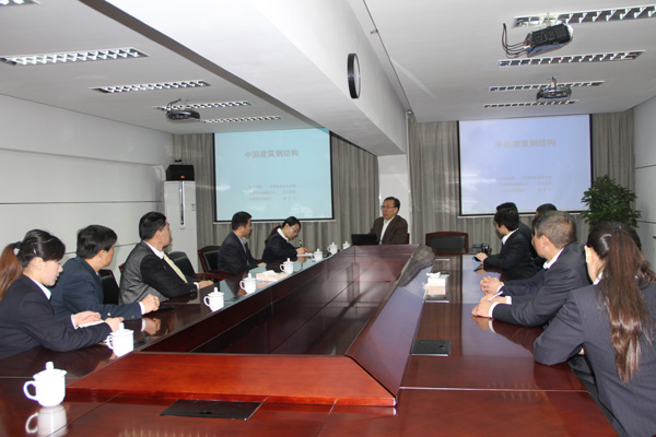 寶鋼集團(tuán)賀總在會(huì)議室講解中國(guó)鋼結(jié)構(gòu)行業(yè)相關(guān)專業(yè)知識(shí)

...

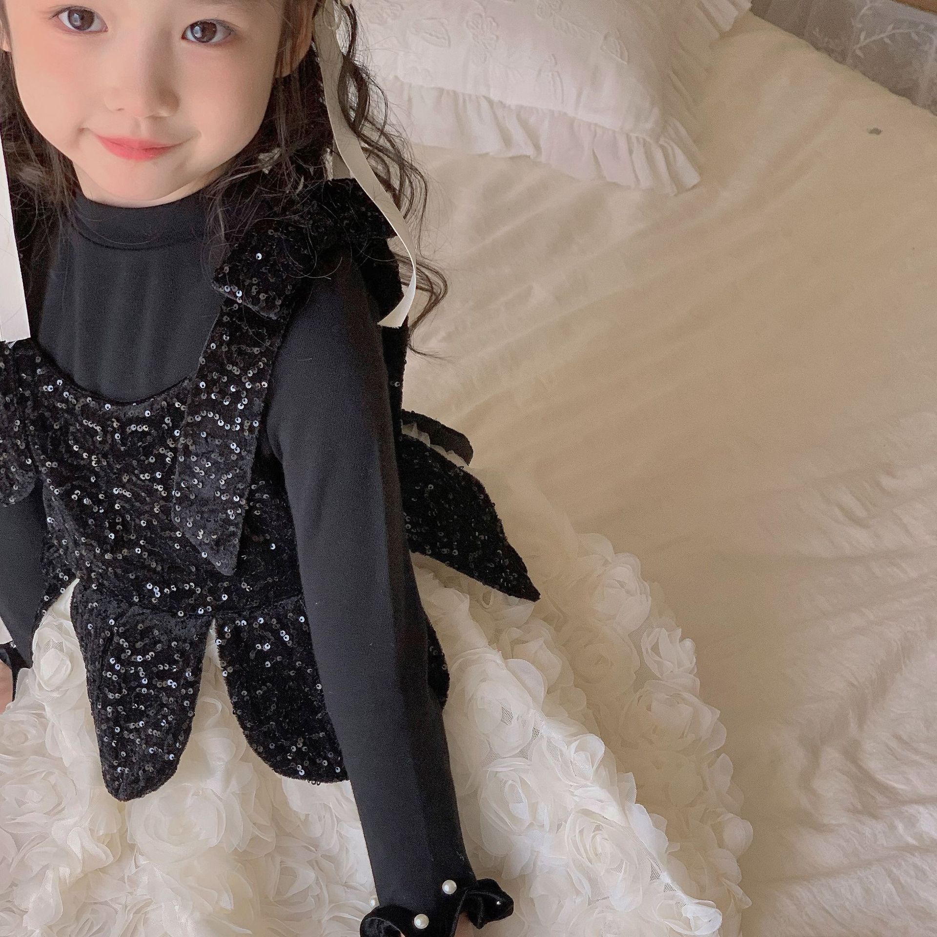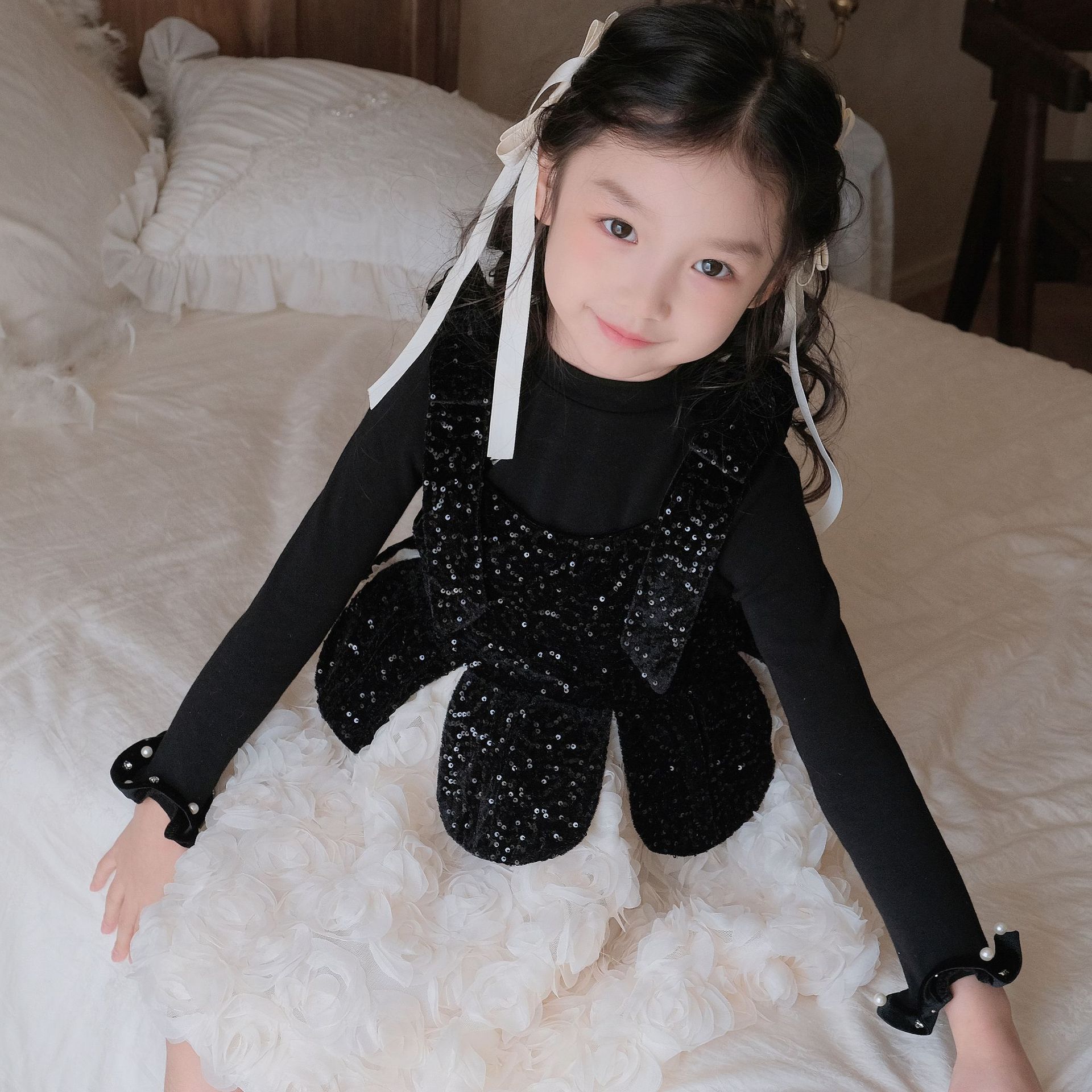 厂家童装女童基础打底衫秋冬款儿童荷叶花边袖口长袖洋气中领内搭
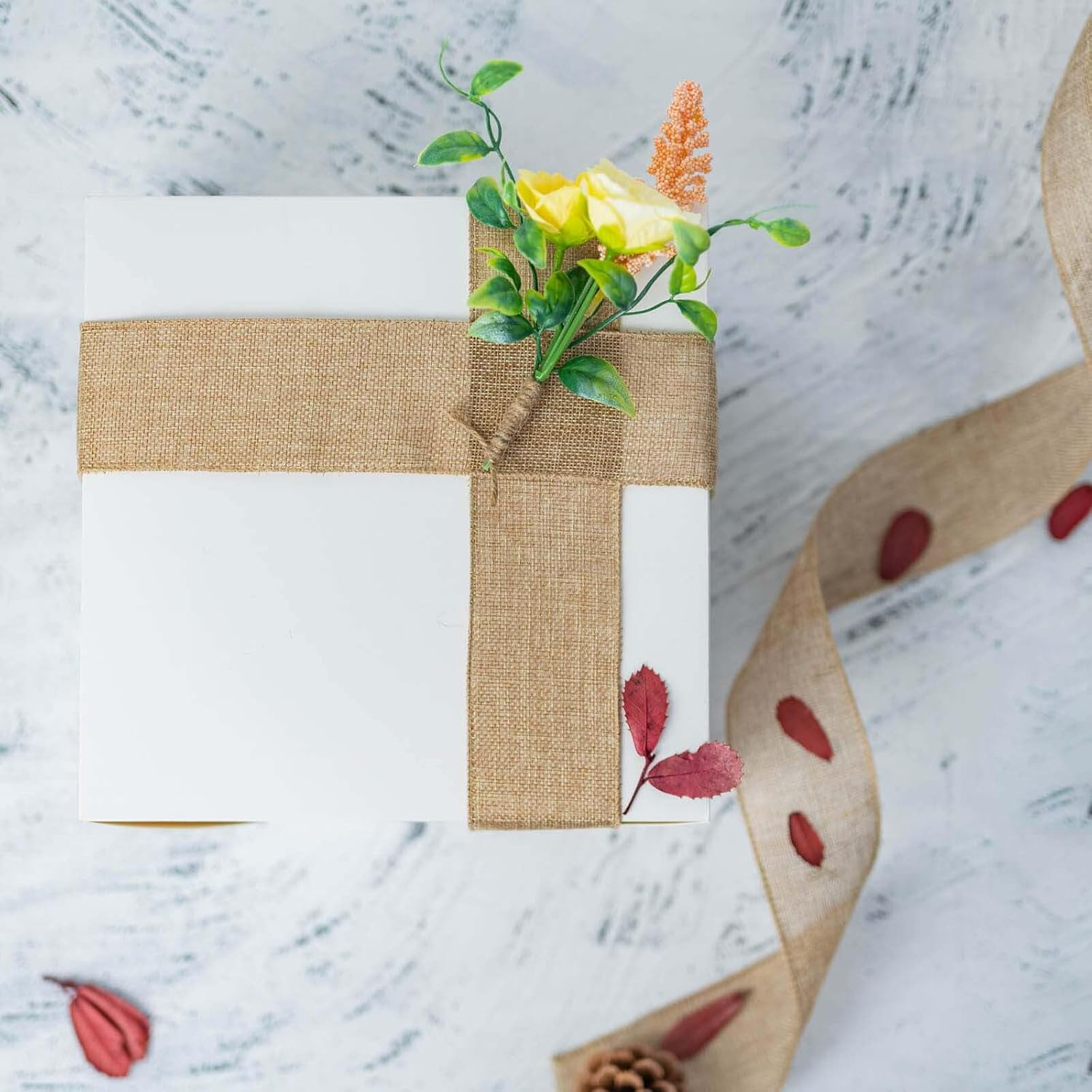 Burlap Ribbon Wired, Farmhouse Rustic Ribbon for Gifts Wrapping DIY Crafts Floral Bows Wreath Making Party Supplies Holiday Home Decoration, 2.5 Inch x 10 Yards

Goal of the exercise - Repeat the lines above exactly, beginning with the one containing "厂家童装女童基础打底衫秋冬款儿童荷叶花边袖口长袖洋气中领内搭" and finishing with the one containing "Burlap Ribbon Wired, Farmhouse". No pictures belong in the copy.

Answer for the task -
 厂家童装女童基础打底衫秋冬款儿童荷叶花边袖口长袖洋气中领内搭
 Burlap Ribbon Wired, Farmhouse Rustic Ribbon for Gifts Wrapping DIY Crafts Floral Bows Wreath Making Party Supplies Holiday Home Decoration, 2.5 Inch x 10 Yards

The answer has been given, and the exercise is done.